A more recent development, the Paracor device, is currently being assessed in clinical trials in Europe and the United States. This is an elastic nitinol mesh that is designed to mechanically reinforce the heart to retard or hopefully halt the remodelling process. It can be deployed in a minimally invasive fashion. Klodell and coworkers have reported their early results.⁴⁴ Fifty patients in NYHA class II or III underwent the procedure, which was well tolerated. At 6 months there was a significant improvement in the six-minute walk (+65.7 m, p = 0.002) and Minnesota Living with Heart Failure scores (–15.7, p = 0.002). Long-term functional results are not yet available.
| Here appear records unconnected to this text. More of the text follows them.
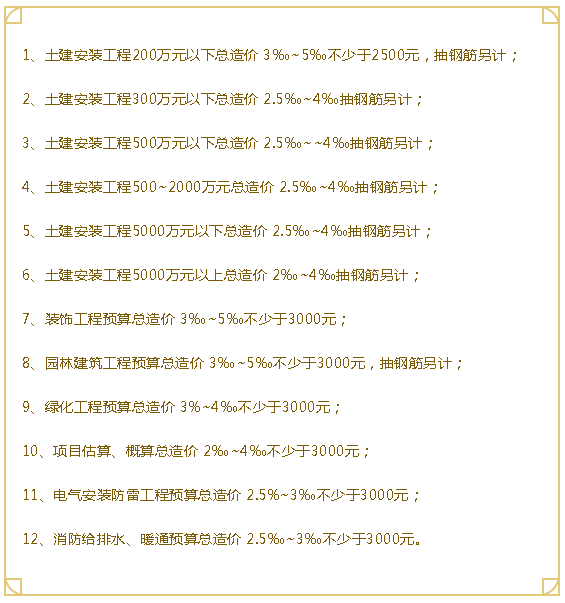 3、裝飾工程結(jié)算總造價(jià) 3‰~1%不少于 3000元。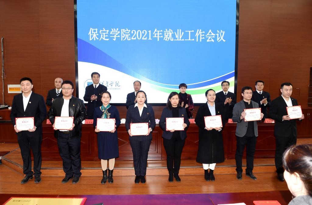 会上,我校党委书记胡连利作了题为《坚持学生至上 提高认识 明确责任 强化服务 狠抓落实 推动我校2021届毕业生更加充分和更高质量就业》的讲话。他充分肯定了我校2020年就业工作取得的成绩,向所有为就业工作辛勤付出的教职工表示感谢。与会领导为荣获“就业先进集体”“就业工作先进个人”和“就业工作个人贡献奖”的单位和个人颁发了奖牌、证书。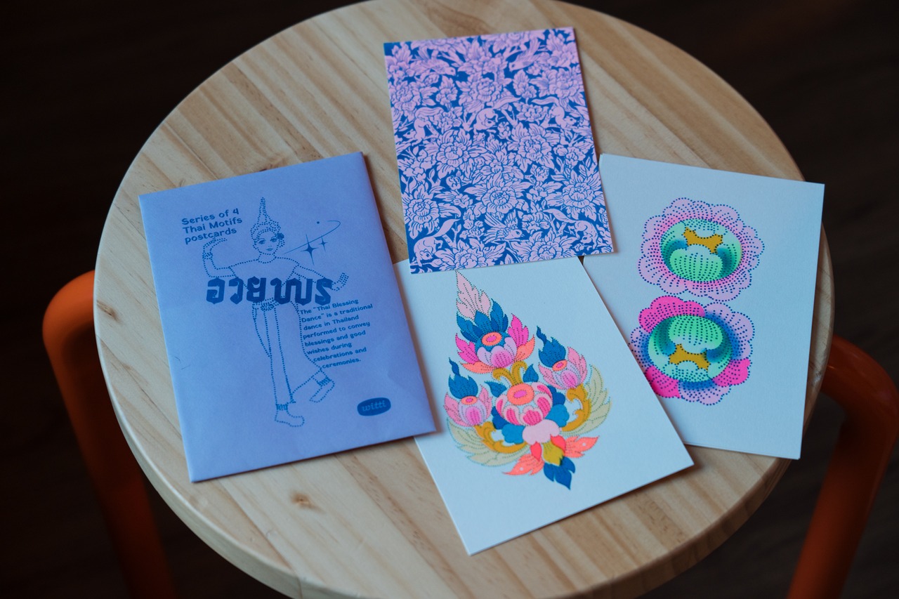 バンコクのリソグラフスタジオwitti studioの作品。花をモチーフにしたリソポストカードが3枚入っています。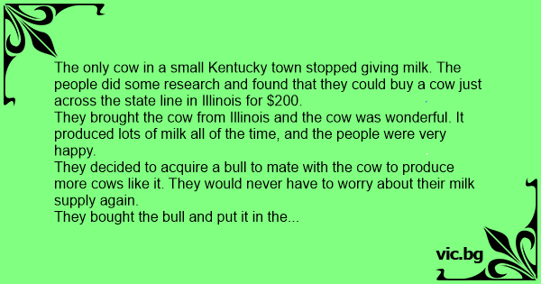 The only соw in a small Kentucky town stopped giving milk. The people did some research and found that they could buy a соw just across the state line in Illinois for $200.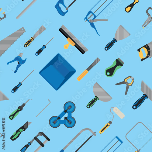 Obraz premium Set of construction tools on light blue background. Pattern for design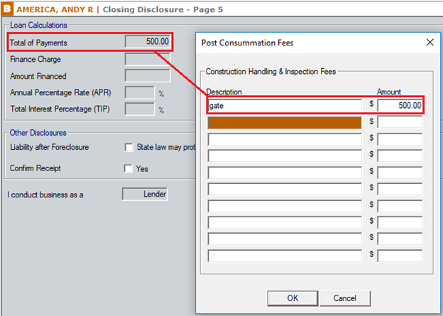 - Use the available fields to enter the Description and Amount of any construction handling and inspection fees paid by the borrower.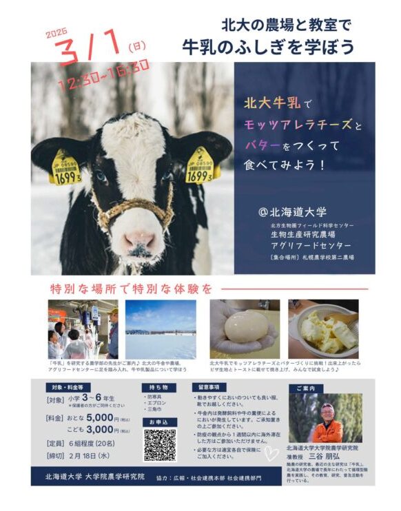 北海道大学大学院農学研究院は、3月1日(日)に、小学3年生から6年生を対象に「北大の農場と教室で牛乳のふしぎを学ぼう~北大牛乳でモッツァレラチーズとバターをつくって食べてみよう~」を開催します。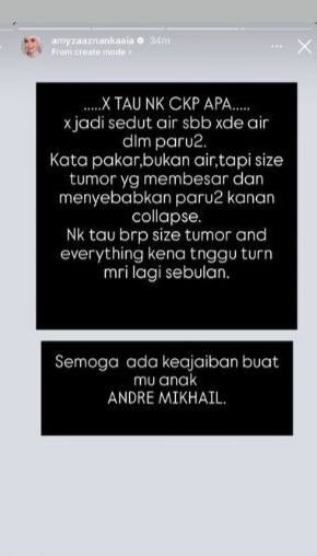 Pelakon Amyza Aznan memaklumkan perkembangan terbaharu mengenai keadaan anaknya, Andre Mikhail, yang kini sedang berjuang melawan kanser paru-paru.

Recent advances in medical treatment have greatly improved symptom control and survival in HF, but morbidity and mortality continue to remain significant especially in the advanced stages of HF. This may be because medical treatment alone neither corrects the cause, nor reverses all of the pathophysiological changes that occur in advanced HF, especially those related to ventricular dilatation and alteration in the geometry of the ventricle. It is likely that significant numbers of patients with advanced HF, especially that due to ischaemic heart disease, will benefit from surgery. A combination of surgical treatments may be necessary depending on the pathological changes present.

Clinical studies on revascularization of ischaemic, hibernating myocardium are promising but more randomized studies are needed to confirm its long-term efficacy. Similarly, large non randomized studies have shown that VRS combined with CABG in ischaemic cardiomyopathy improves cardiac function and functional capacity and may improve survival. The results of the STICH trial were disappointing, but the design of the trial has been heavily criticized.

Advanced HF is a complex disease leading to many different pathologies and the ideal treatment for each patient may need to be tailored individually. Some patients may need a combination of different treatments. The armamentarium is enlarging and the future appears promising for these very sick patients.